What a fellowship, what a joy divine,
Leaning on the everlasting arms!
What a blessedness, what a peace is mine,
Leaning on the everlasting arms!
Refrain:
Leaning, leaning,
Safe and secure from all alarms;
Leaning, leaning,
Leaning on the everlasting arms.
O how sweet to walk in this pilgrim way,
Leaning on the everlasting arms!
O how bright the path grows from day to day,
Leaning on the everlasting arms!
What have I to dread, what have I to fear,
Leaning on the everlasting arms!
I have blessed peace with my Lord so near,
Leaning on the everlasting arms.
Story:
There was a time in America when only those who could afford
private lessons were able to sing by music There were few songbooks,
and church-goers depended on songleaders to set the tune of the hymn
and call out the words, line by line, while the congregations sang
after them. The same practice is still followed in the highlands of
Scotland to this day at funerals and on certain other occasions.
But back to our American story.
Through the persistent representations of a musician called Lowell
Mason music became an official subject in the schools. Songbooks were
published and trained music-masters were sent into rural America to
teach the people how to sing.
Professor A.J. Showalter was one such music-master.
One day in 1887, after music class had been dismissed, he collected
his books, locked up the church house where they met and made his way
across town to the boarding house where he had put up for his brief
stay in Hartselle, Alabama.
When he arrived, two letters from former students in South Carolina
were waiting for him.
Showalter read the first letter. It bought the sad news that this
student had just recently and suddenly lost his wife. The professor
left the letter aside and decided to answer it later.
Opening the second one he found that it brought news identical to that
of the first. What a tragic coincidence! Two former students had each
been plunged into tragedy, through the same circumstances, and on the
same day.
In an effort to console his two young friends Showalter wrote: "'The
eternal God is thy refuge and underneath are the everlasting arms'."
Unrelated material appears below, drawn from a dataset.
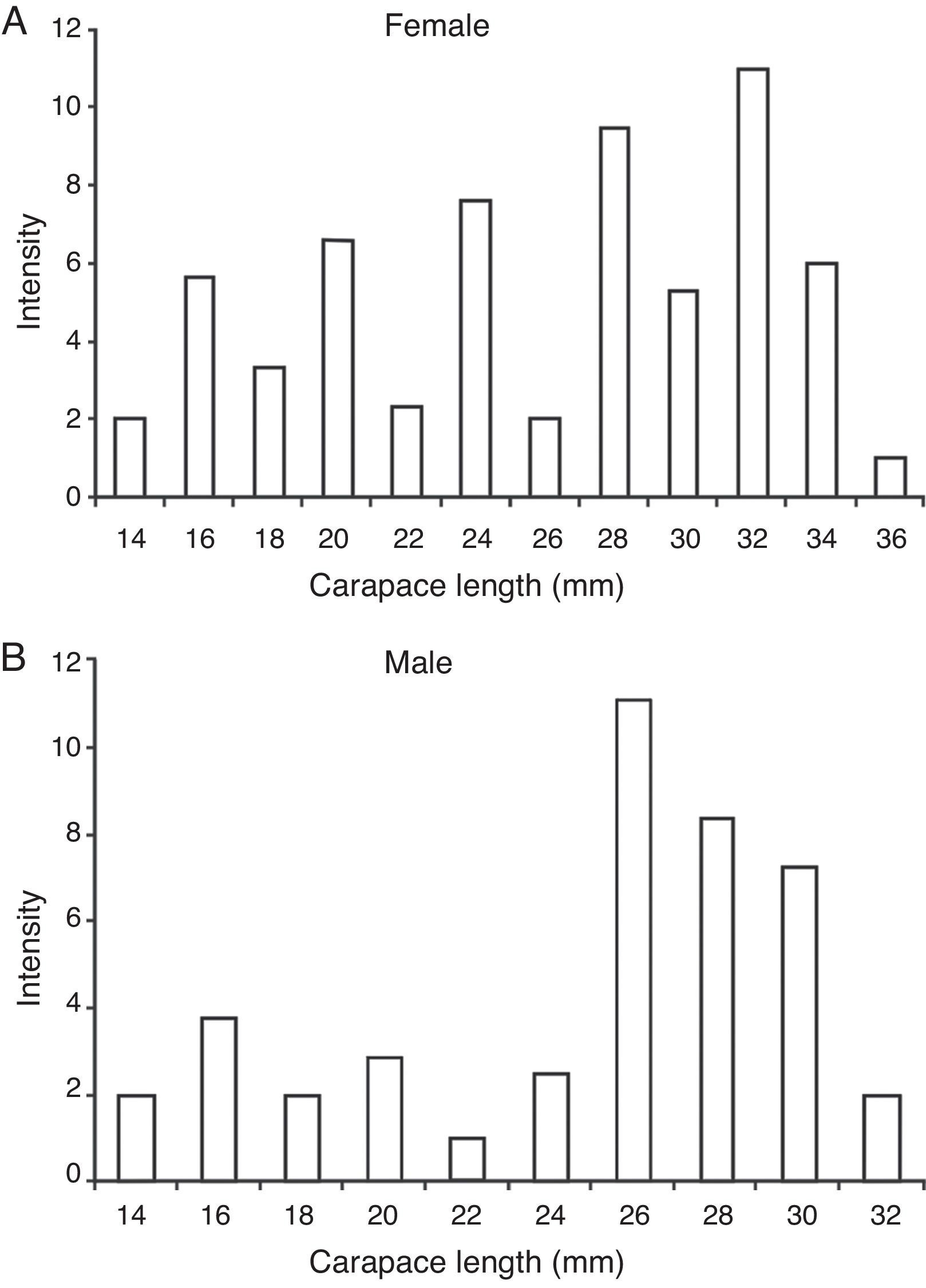 The direct relation between an increase of parasite intensity and the size of crayfish may be related to the body bulk "available" for the metacercariae, indeed, individuals with a total length smaller than 13.8 mm showed no metarcercariae, but an accumulation over time.

He paused, and put down his pen.
In that single line of Scripture lay the theme of a great hymn. His
pupils could read music, and they could sing - for he had taught them.
Then why not write them a song of comfort instead of a letter? Quickly
he wrote the chorus:
Leaning, leaning, safe and secure from all alarms,
Leaning, leaning, leaning on the everlasting arms.
Professor Showalter sent the chorus off to the Rev. Elisha Hoffman in
Pennsylvania, and Hoffman - himself the author of over 2,000 hymns,
very soon produced three beautiful verses.
When Showalter received Hoffman's finished work he wrote the music for
it and another great hymn was born.
We don't have any record of what effect the song message had on those
for whom it was written but we do know it has been a great blessing to
thousands ever since.
What have I to dread, what have I to fear,
Leaning on the everlasting arms?
I have blessed peace with my Lord so near,
Leaning on the everlasting arms.
Bible Verse
Deuteronomy
33:27
- The eternal God is thy refuge, and
underneath are the everlasting arms: and he shall thrust out the enemy
from before thee; and shall say, Destroy them.